Continuing the Voyaging with Velella series by ASA writer-at-large Meghan Cleary. Meghan, her fiance Prescott, and their kitten Nessie have just finished a 6-month cruise in Mexico and are now sailing the Pacific Northwest.
In many other countries, fresh water is referred to as “sweetwater.” In Europe, as in, “Sweet, not carbonated.” In Mexico, as in, “Sweet, we can drink this!” It’s taken us quite a few weeks of being stateside to get used to the fact that we have unlimited fresh water available now, though we are trying not to grow so accustomed that we take it for granted. But it’s nice to not have to keep one ear tuned to the water pump in case the tank runs dry.
Velella is currently enjoying some R&R tucked away in her slip in Seattle, being bathed daily by sweetwater falling from the sky. Meanwhile, Prescott and I have been staying at his parents’ house in the Columbia Gorge, preparing for our upcoming wedding. When I wake up these days, I see 20 acres of rolling golden hillside, and the hulking snowy peak of Mount Adams out our window. Despite all the water flowing out of the Columbia River nearby, the sea feels very far away from “The Land.”
But the folks who live out here on The Land exhibit a level of conservation awareness that reminds me a lot of what we found in the cruising community. And in some ways, the cruising community could learn a lot from them. We walked over to the neighbor’s house to borrow something yesterday, and since I’d never been given the tour, I got to have a look around.

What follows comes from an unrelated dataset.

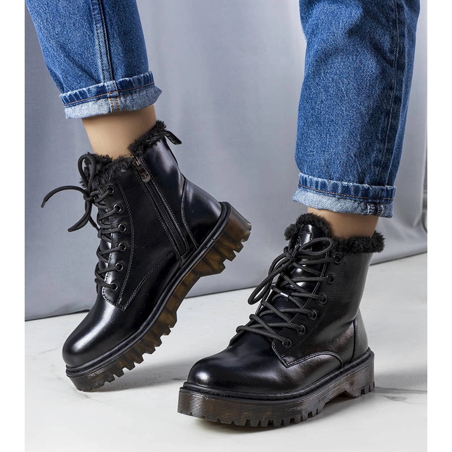 Classic, black martola trappers are the perfect boots for a winter wardrobe - they combine a durable, fashionable cut with pleasant warmth inside. The upper made of high -quality ecological leather provides an elegant look and ease of care, and the soft fur inside guarantees comfort even at low temperatures. The model with lacing and a practical castle makes the shoes comfortable to put on and perfectly adapt to the foot.

The main house was all of 500 square feet, but the design took advantage of that space so well that you’d swear it was twice the square footage. The concrete floors were luxuriously warm under my bare feet, heated by pipes that siphoned hot water directly from the woodburning stove that heated the room. The outdoor living space was three times the size of the indoor space, with beautiful grey-water-fed gardens downhill of the house, an enormous porch roofed with leafy vines, and an awesome cedarplank freshwater hot tub. Oh, and an outdoor brick oven in case you want some perfect woodfire pizzas. The lap of luxury, to be sure, but also quite possibly the greenest living space I’ve ever seen.
W. O. W.
I mean, wow.
I smiled to learn that the owner of this home spent years of his life aboard a cruising sailboat–-sailing from South Africa through the Caribbean and up the Eastern seaboard with his family. He took all the best of cruising conservation know-how and applied it to land living in an almost seamless way. Small house, big yard? Solar panel power? Passive water heating? Sounds familiar. I hope very much that someday we too will make such an elegant transition from sea-green to grass-green living.